If two scopes have completely different lifetimes, they cannot share their contents without duplication/[font=courier new,courier,monospace]memcpy[/font]ing. Ref-counting is not used for most assets.
You can however form a parent/children hierarchy of scopes that can share assets up the tree. E.g. if a "level-chunk" scope was parented under a "whole-level" scope, then if you asked the "level-chunk" scope to load an asset that already existed in it's parent, then the asset would not be reloaded (it would be fetched from the parent).
The situation I've dealt with in the past is the user 'equipping' a skill or weapon in an RPG, and having the need to pre-emptively load all assets that might subsequently be used for that selection. Assets are potentially shared between related scopes in this scenario, and in a heavily memory bound system like the last generation of consoles, duplicating asset data is something to be avoided. The sharing needs to happen horizontally (between siblings), not vertically between a parent/child. I can't see a safe way to achieve this type of differential loading (load scope B, but reference any shared data from sibling scope A) without some kind of reference counting mechanism. This is not to say reference counting couldn't be implemented relatively easily into the asset scope framework you have described. This may not be suitable if the memory fragmentation associated with such an approach is a problem. It was the right fit for one specific project I worked on, with load times down to a fraction of what they would otherwise be, by allowing preloading of almost all level assets during character/level select screens.
What processing operations / data transformations does the entity node provide? In this case, if it's only required to group sub-objects in the editor, then it doesn't need to exist in the game -- the car will emerge simply by loading the actual components that were specified under the car node, without creating a representation of the car node itself.
It provides no data transformations, existing only as a point of reference, a collection of properties (expressed as interfaces at the entity level) defining a logical entity.

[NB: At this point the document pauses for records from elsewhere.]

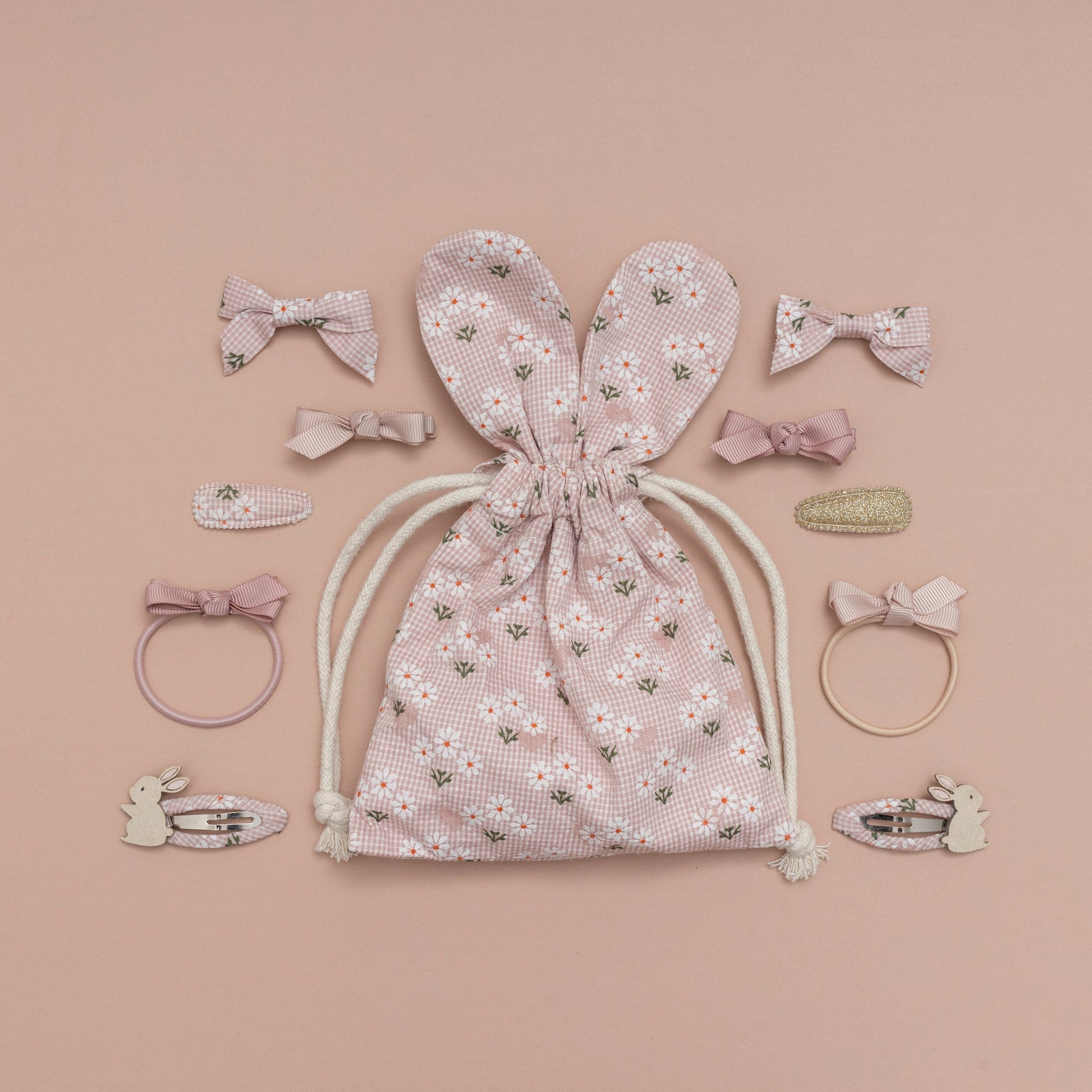 Looking for a sweet alternative Easter gift without the added sugar? This adorable bunny shaped floral pouch packed with ten beautiful hair accessories makes for the perfect springtime surprise!
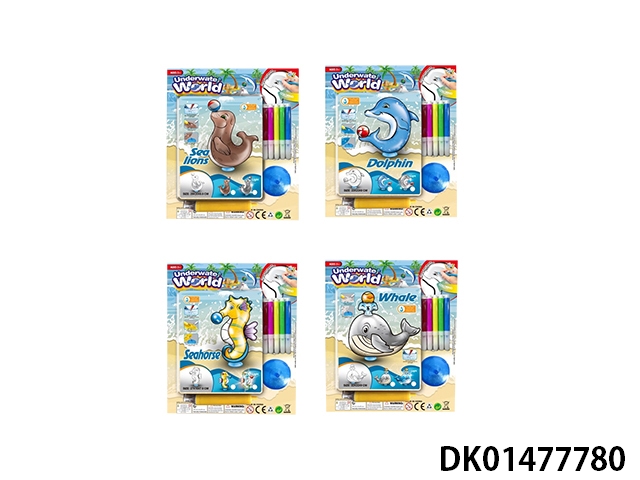 手绘涂鸦充气海洋动物站底配气筒
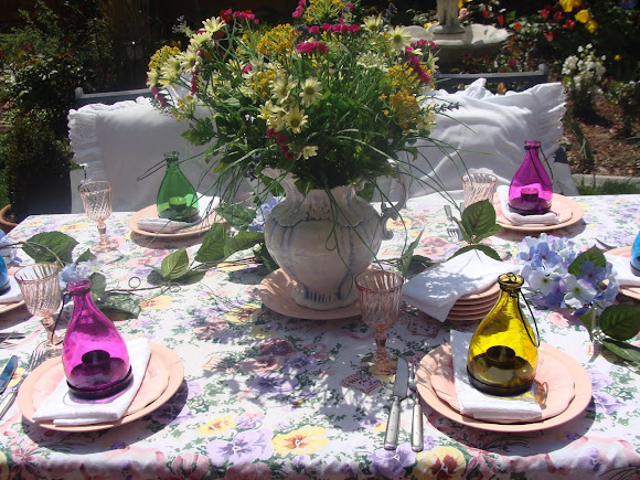 Ah, Cielo, your settings are always so beautiful and romantic! I love all of your dinnerware and napkins, tablecloths, flowers...everything!

It will have a tree of objects below it (chassis, wheels, whatever), but the actual control interfaces - how it translates user inputs, or whether an AI operates it, will be (optionally) defined by interfaces assigned to that root 'car' node.. or it won't have any interfaces associated with it, in which case it will basically exist as a static object.
Just because your XML is a "scene graph" of nodes, that doesn't mean that your de-serialised XML data has to follow the same structure. You could dump all the car-components into the scene and connect them to each other without having an node retaining links to them.
Yes, though the car could be considered a component in and of itself, having intrinsic properties (or, it might not..). If not, you might choose instead to express a car as a collection of networked (linked) entities as you describe - though some designers might find this a bit cumbersome (if they want to link another entity to the 'car', can they still link it to the root car node given it has no direct runtime representation?).
Passing the map of factories into the entity only makes sense if the Entity's purpose for existing is "parsing XML files". In that case, then before parsing an XML file, I'd construct a map containing all of the factories that your scene XML files could possibly require, and use that map during any deserialisation routine. However, in this case, I'd move this logic out of the Entity class altogether and into an XmlSceneParser instead... and again get rid of the Entity as a misplaced concept, or find it's real purpose and make it do that.
I agree the loading is better done from some loading/parsing framework, completely outside of entity. Except where you start drilling down to concrete implementations, for example loading an EngineDynamicModel component or something - where data to load is a bit more private in nature.